(Stored items)
-*-*-
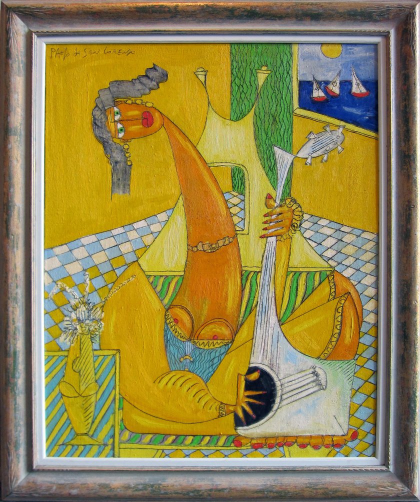 1 van een serie fraaie originele schilderijen van Paolo da San Lorenzo. De stukken zijn weer zonder uitzondering bijzonder mooi van kleur en figuratie en zijn door de kunstenaar op de voor hem zo kenmerkende wijze met dik olieverf op ruw canvas vervaardigd. De werken zijn op fraaie authentieke wijze door de vaste lijstenmaker van Paolo da San Lorenzo in Italië ingelijst.
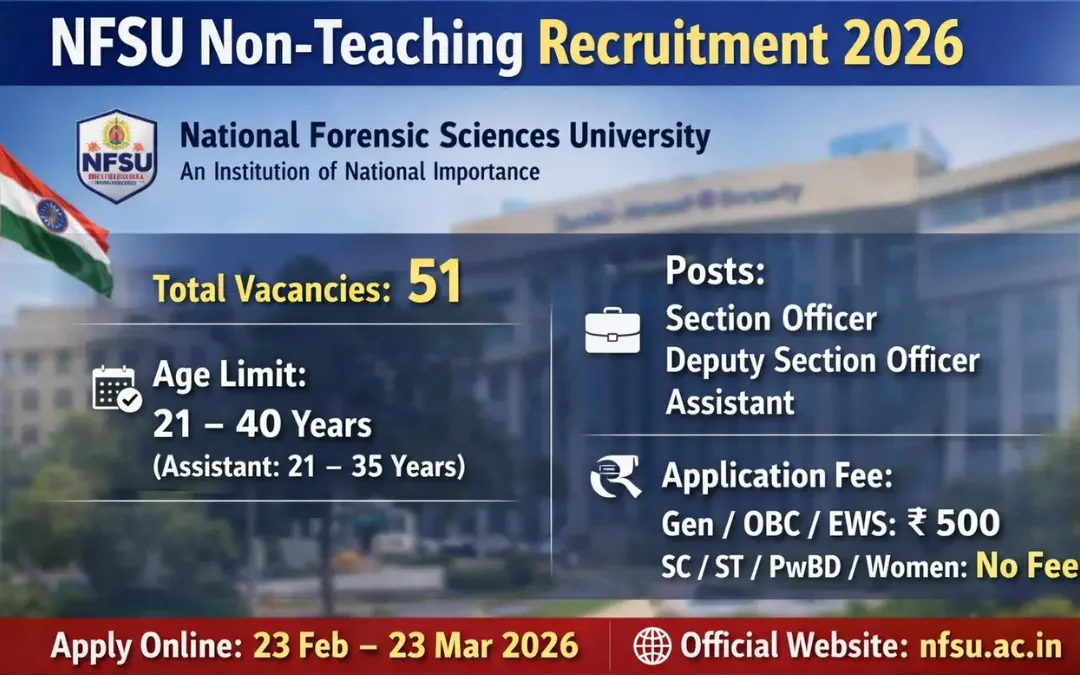 NFSU Non-Teaching Recruitment 2026: National Forensic Sciences University (NFSU), an Institution of National Importance under the Ministry of Home Affairs, has released an official notification for Non-Teaching (Non-Academic) Recruitment 2026. The recruitment advertisement number is NFSU/NON-ACADEMIC/02/2026, dated 23 February 2026.
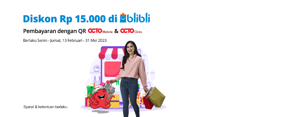 Diskon Rp 15.000 di Blibli menggunakan OCTO Clicks dan QR OCTO Mobile
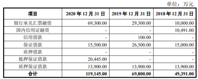 梦金园的短期借款主要为银行承兑汇票融资、保证借款和质押保证借款。2017年至2020年各期末,公司短期借款分别为37,900.00万元、49,391.00万元、69,800.00万元、119,145.00万元。
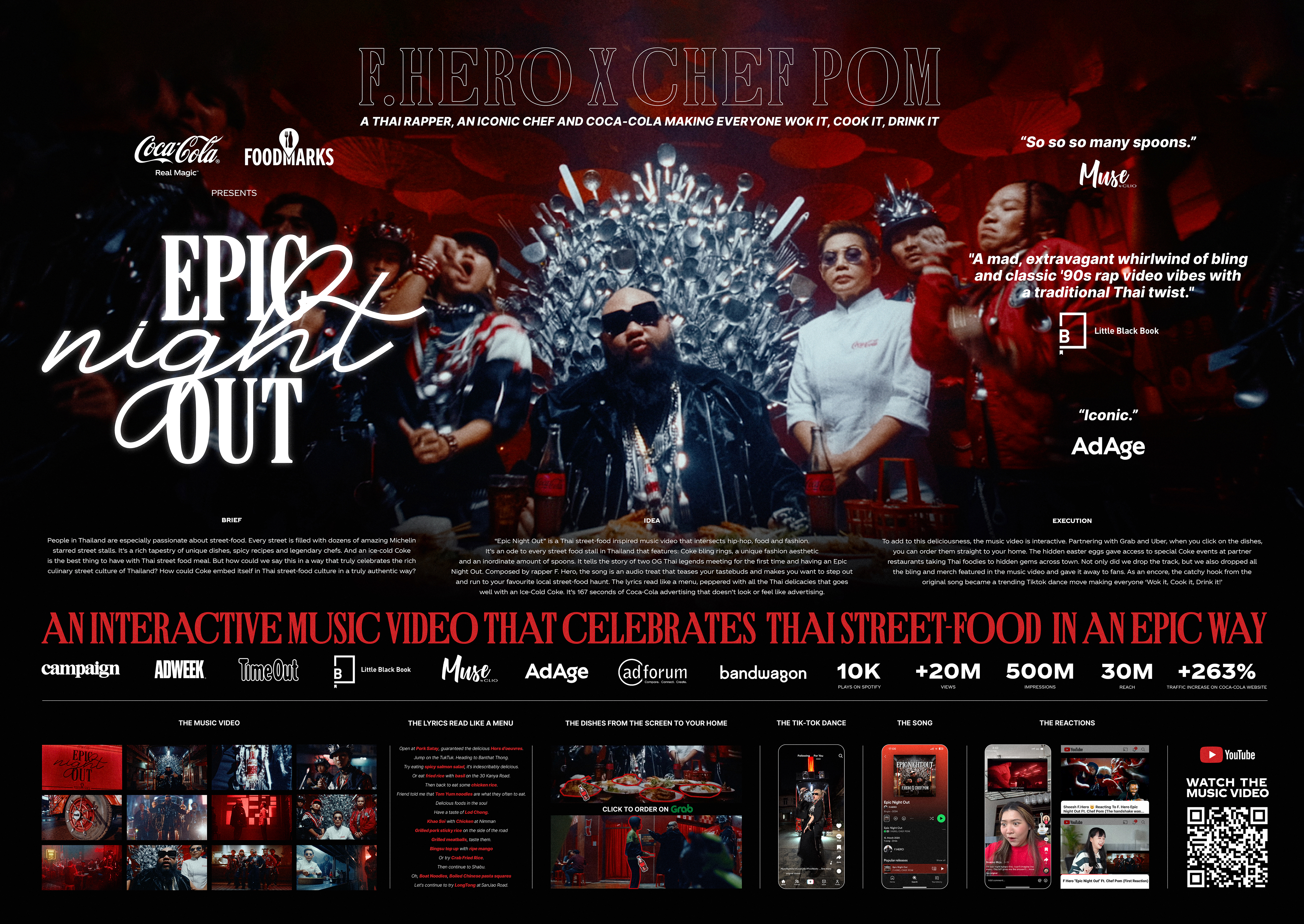 To launch Coca-Cola's Foodmarks platform in Thailand, we created an epic ode to Thai-streed food. An interactive music video featuring: a legendary Thai rapper, his cutlery crew, an iconic chef, the shiniest Coke bling bling, a lot of forks, spoons, a wok flip dance, the cutlery throne, bunch of easter eggs, yummy street food and, of course, Ice-cold Coca-Cola. Grab your popcorn (or Pad thai) and enjoy.
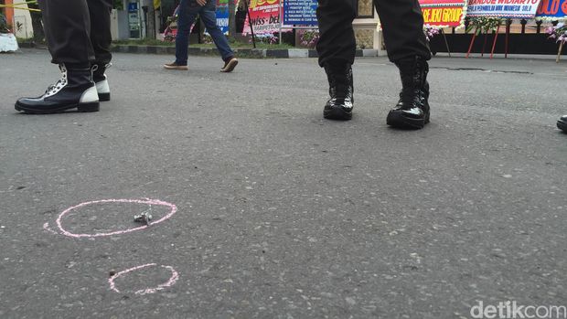 Sebanyak dua buah gotri dan sebuah baut ditemukan di 15 meter jelang gerbang masuk Mapolresta Surakarta, Selasa (5/7/2016). Benda-benda itu kemudian dilingkari oleh polisi menggunakan kapur berwarna.
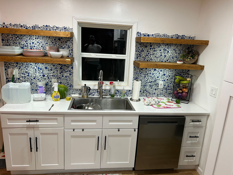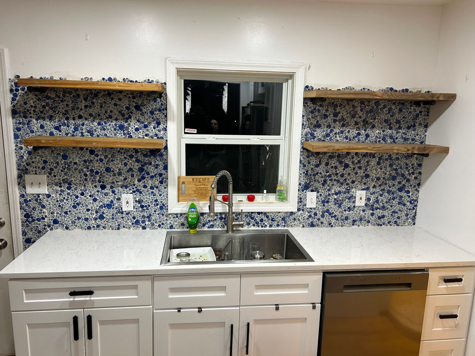 At FLOJAYKEN HANDYMAN SERVICES LLC, we crafted a Latin-themed backsplash with custom floating shelves, transforming a Greater Atlanta space into a lively, sophisticated environment. We make your spaces functional, stylish, and uniquely yours.
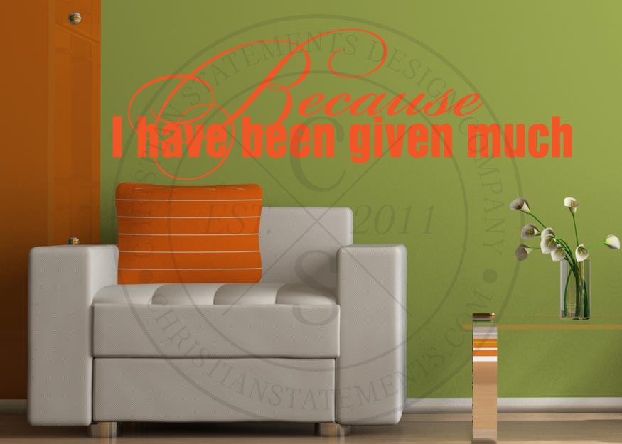 Because I Have Been Given Much Vinyl Wall Statement #1Because I Have Been Given Much Vinyl Wall Statement #2
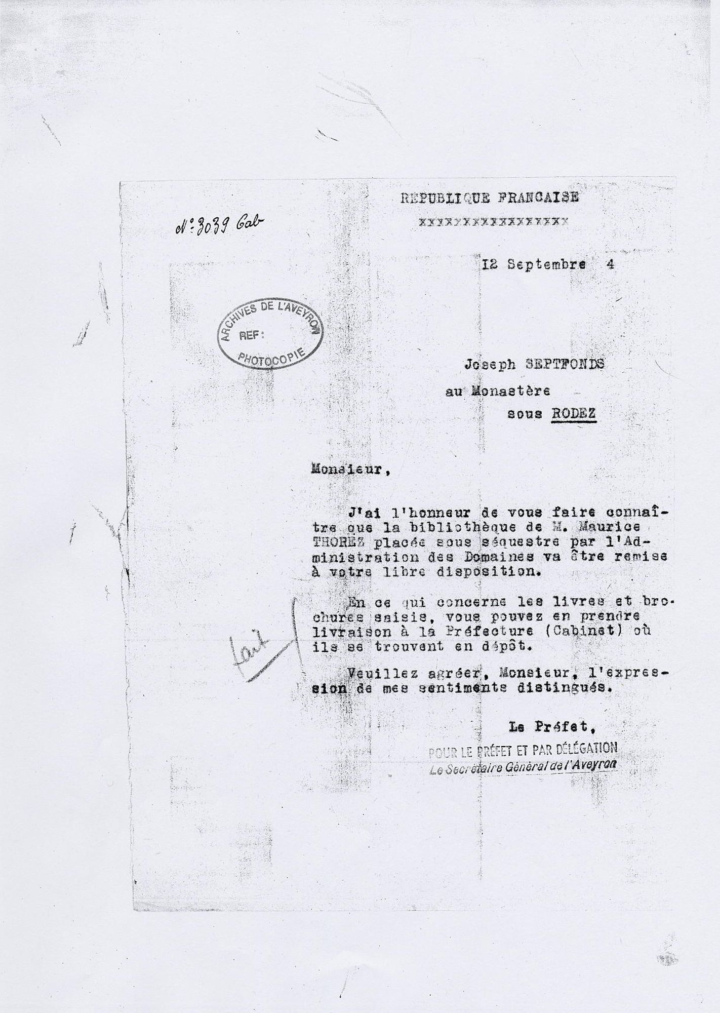 La ville de Rodez et sa région furent libérées le 18 août 1944. Peu après, Jeanne et Joseph Septfonds étaient avisés de la levée du séquestre et de la remise à leur libre disposition des livres saisis. Le séquestre prit officiellement fin le 28 septembre, deux mois avant que Maurice Thorez ne rentre d’URSS en France libérée.
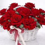 A timeless expression of love ❤️ This elegant white wicker basket is filled with 21 luxurious French red roses, beautifully arranged with soft eucalyptus greens and finished with a delicate ribbon. Perfect for anniversaries, Valentine’s Day, proposals, or any moment that deserves a grand romantic gesture. Our French Roses Basket showcases premium long-stem red roses, symbolizing deep love and passion. Handcrafted by expert florists, this arrangement brings classic elegance and rich fragrance—an unforgettable gift for someone special.
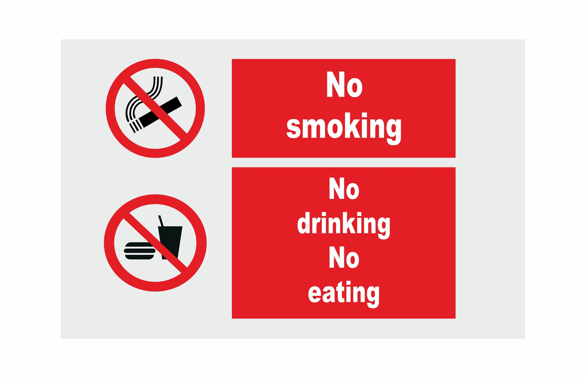 GLOBAL CARTELLO SEGNALETICO - No Smoking No Drinking No Eating Multi-Message - Adesivo Extra Resistente, Pannello in Forex, Pannello In Alluminio
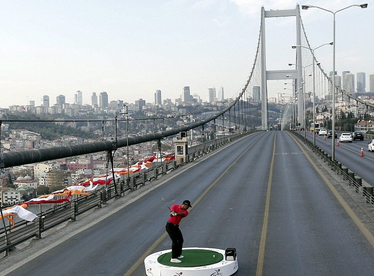 Ο Γουντς έστειλε την μπάλα του γκολφ κατά μήκος της γέφυρας του Βοσπόρου που συνδέει τις δύο Ηπείρους. Ο Αμερικανός γκολφέρ προώθησε με αυτόν τον τρόπο ένα τουρνουά γκολφ που θα γίνει στην Αντάλια, νότια της Τουρκίας.
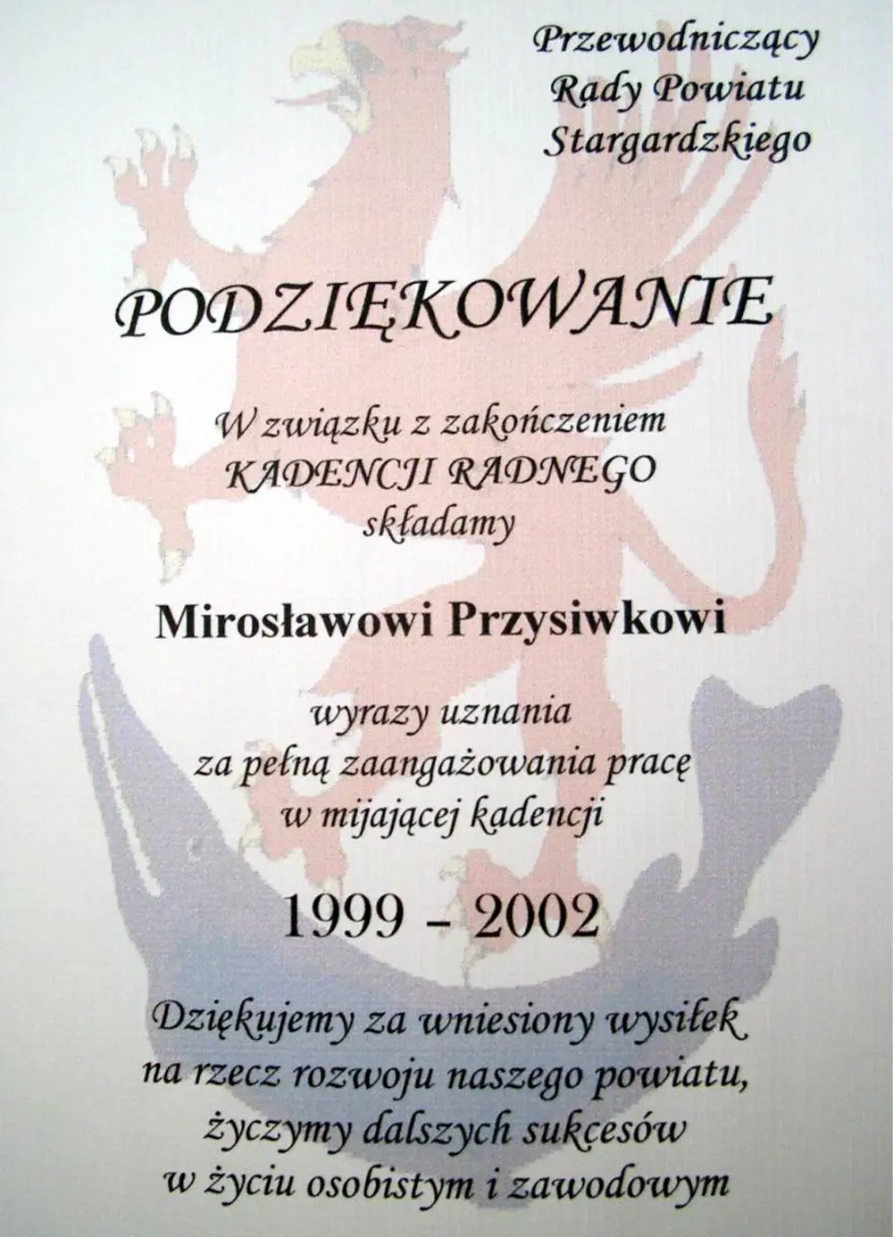 Szanowni Państwo. Moje życie zawodowe całe przeniknięte jest sprawami publicznymi. One właśnie powodują, że kolejny już raz, składam Państwu ofertę wyborczą ze swojego doświadczenia oraz wiedzy samorządowej.
-*-*-
[GOAL OF THE EXERCISE]:
Would you give again, exactly as written, the lines from the one containing "A timeless expression" through the end of the records, with no pictures and no other lines?

[REPLY TO THE TASK]:
 A timeless expression of love ❤️ This elegant white wicker basket is filled with 21 luxurious French red roses, beautifully arranged with soft eucalyptus greens and finished with a delicate ribbon. Perfect for anniversaries, Valentine’s Day, proposals, or any moment that deserves a grand romantic gesture. Our French Roses Basket showcases premium long-stem red roses, symbolizing deep love and passion. Handcrafted by expert florists, this arrangement brings classic elegance and rich fragrance—an unforgettable gift for someone special.
 GLOBAL CARTELLO SEGNALETICO - No Smoking No Drinking No Eating Multi-Message - Adesivo Extra Resistente, Pannello in Forex, Pannello In Alluminio
 Ο Γουντς έστειλε την μπάλα του γκολφ κατά μήκος της γέφυρας του Βοσπόρου που συνδέει τις δύο Ηπείρους. Ο Αμερικανός γκολφέρ προώθησε με αυτόν τον τρόπο ένα τουρνουά γκολφ που θα γίνει στην Αντάλια, νότια της Τουρκίας.
 Szanowni Państwo. Moje życie zawodowe całe przeniknięte jest sprawami publicznymi. One właśnie powodują, że kolejny już raz, składam Państwu ofertę wyborczą ze swojego doświadczenia oraz wiedzy samorządowej.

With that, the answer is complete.